Виктор Астафьев - Царь-рыба
— Да-да, — тряхнула головой Эля. — Это мне можно не рассказывать. Но отчего же… Отчего охотятся в одиночку? Вдвоем же удобней, лучше!..
— У меня друг, Колька, на Пясине втроем были, дак загрызлись. Не уживаются вместе нонешние люди, тундряная блажь на их накатывает.
— А раньше?
— Раньше, видать, нервы у людей были покрепче. Может, в бога веровали — сдерживало. Да тоже послушаешь, всяко лихо деялось — резались и стрелялись, а то скрадом доводили сами себя. Тихий узас!..
— Как это?
— А так. Осатанеют до того, что убить готовы один другого, а нельзя: убьешь — пропадешь или бог покарат. Тогда оне преследовать друг дружку возьмутся, охоту всякую забросят, не спят, шарахаются от каждого сучка, оно и с ума сойдет который. А скрадет который которого, поранит, на себе в избушку ташшыт, лечить начинает, богу молиться о спасении, иначе тюрьма.
— Да что же это такое?
— Жись в тайге о-очень хитрая, пана, много сил, терпенья и, не смейся, не смейся, ума требует.
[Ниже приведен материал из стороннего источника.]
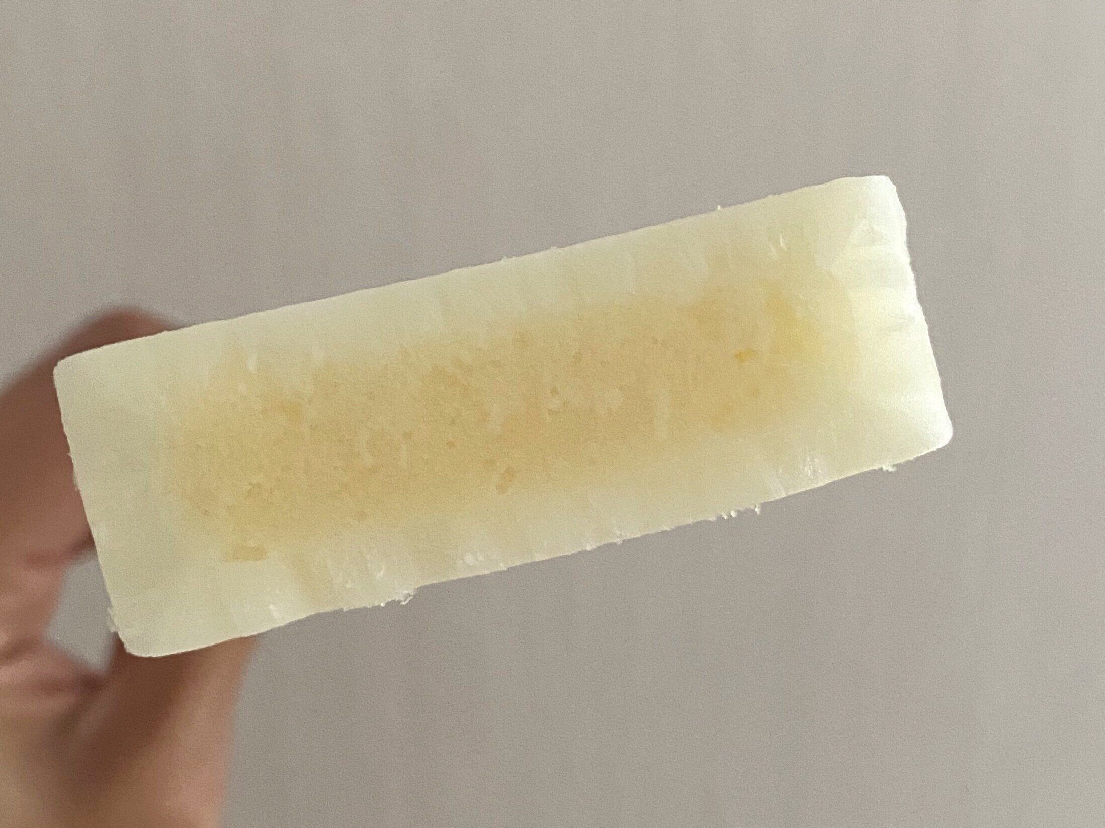 実はこのアイス、二層構造になっていまして、外側はまるでリンゴのようなシャリシャリとした食感でサッパリした味わい。中は口あたりの良いシャーベットで濃厚なリンゴの味と絶妙な甘酸っぱさを楽しめます。

— Да какой уж тут смех? — Эля вдруг спохватилась: говорит Аким почти чисто, не сельдючит, голос его, отмякший, какой-то проникновенный, доброжелательный, будто он наставляет послушного, отзывчивого слушателя школьного возраста, и качнулась, покатила по ней волна ответной благодарности к человеку, заменившему ей все живое на свете. До сего момента она хоть и говорила ему спасибо, однако воспринимала все как само собою разумеющееся, как должное — одна в тайге, больная, беспомощная, так спасай, помогай, посвяти себя, раз ты человек. А где, собственно, и кем это написано иль указано — спасай, помогай, забудь о себе и делах своих, да и все ли способны помогать-то бескорыстно?
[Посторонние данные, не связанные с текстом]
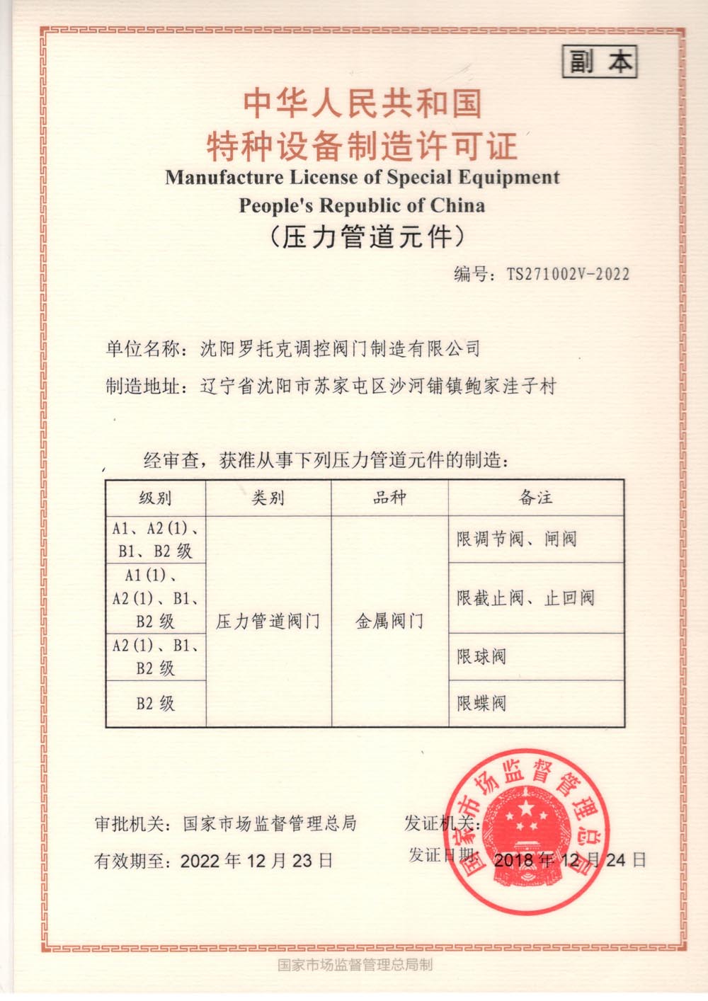 压力管道许可证

Вот они, бумаги, документы! А что за ними, за этими хорошо сохраненными документами, скрыто? Хозяин их и хранитель был напористо-открытый, вроде бы великодушный и в то же время неуловимый, загороженный усмешкой, неприязненно грубый с людьми, он как бы приподнял себя над условностями бытия, напустил на свой лик дымку значительности, и этого достало, чтобы другие не то чтобы мелочью себя почувствовали в сравнении с ним, но почитали в нем силу и емкость души. Доверилась же вот она ему, сразу, непрекословно. В первый же день, именно в день, не дождавшись ночи, там, в чушанскои мастерской, он заграбастал ее, подмял, словно так и не иначе и должно быть, затем водил ее за собой будто овечку, плел-говорил самодельные умности, а она, простушка-аржанушка, слушала его, внимала. Парализующая сила исходила от Герцева, даже не сила, а собственная уверенность в ней.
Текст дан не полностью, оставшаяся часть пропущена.